The records —
------------------------------------------------------------

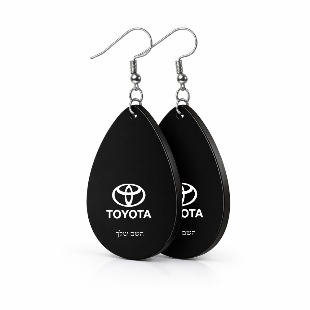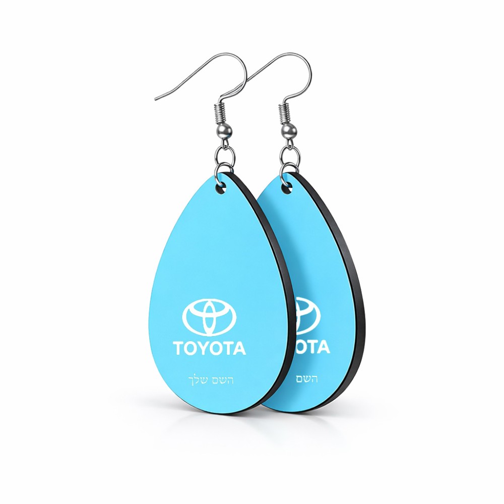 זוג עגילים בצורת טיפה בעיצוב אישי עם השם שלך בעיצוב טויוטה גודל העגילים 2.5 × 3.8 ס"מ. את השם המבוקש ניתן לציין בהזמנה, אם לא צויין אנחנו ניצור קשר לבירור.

------------------------------------------------------------

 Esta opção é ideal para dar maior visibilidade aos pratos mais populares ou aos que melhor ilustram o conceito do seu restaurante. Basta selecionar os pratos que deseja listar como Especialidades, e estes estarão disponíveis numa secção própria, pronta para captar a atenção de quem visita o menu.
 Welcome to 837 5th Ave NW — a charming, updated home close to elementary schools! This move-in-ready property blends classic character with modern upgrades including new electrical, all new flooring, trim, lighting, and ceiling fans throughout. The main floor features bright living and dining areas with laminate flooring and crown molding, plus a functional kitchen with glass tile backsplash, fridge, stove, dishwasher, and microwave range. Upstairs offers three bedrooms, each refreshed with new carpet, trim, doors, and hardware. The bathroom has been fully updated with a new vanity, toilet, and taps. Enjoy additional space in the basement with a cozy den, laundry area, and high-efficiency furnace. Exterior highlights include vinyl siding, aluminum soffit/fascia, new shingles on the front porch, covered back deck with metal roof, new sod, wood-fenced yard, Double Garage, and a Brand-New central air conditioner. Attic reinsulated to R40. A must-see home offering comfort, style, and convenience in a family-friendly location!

------------------------------------------------------------

Aim of the task —
Nothing should appear in the answer except the lines above from the line with "Esta opção é" through the line with "Welcome to 837", both included, written out exactly.

Output of the exercise —
 Esta opção é ideal para dar maior visibilidade aos pratos mais populares ou aos que melhor ilustram o conceito do seu restaurante. Basta selecionar os pratos que deseja listar como Especialidades, e estes estarão disponíveis numa secção própria, pronta para captar a atenção de quem visita o menu.
 Welcome to 837 5th Ave NW — a charming, updated home close to elementary schools! This move-in-ready property blends classic character with modern upgrades including new electrical, all new flooring, trim, lighting, and ceiling fans throughout. The main floor features bright living and dining areas with laminate flooring and crown molding, plus a functional kitchen with glass tile backsplash, fridge, stove, dishwasher, and microwave range. Upstairs offers three bedrooms, each refreshed with new carpet, trim, doors, and hardware. The bathroom has been fully updated with a new vanity, toilet, and taps. Enjoy additional space in the basement with a cozy den, laundry area, and high-efficiency furnace. Exterior highlights include vinyl siding, aluminum soffit/fascia, new shingles on the front porch, covered back deck with metal roof, new sod, wood-fenced yard, Double Garage, and a Brand-New central air conditioner. Attic reinsulated to R40. A must-see home offering comfort, style, and convenience in a family-friendly location!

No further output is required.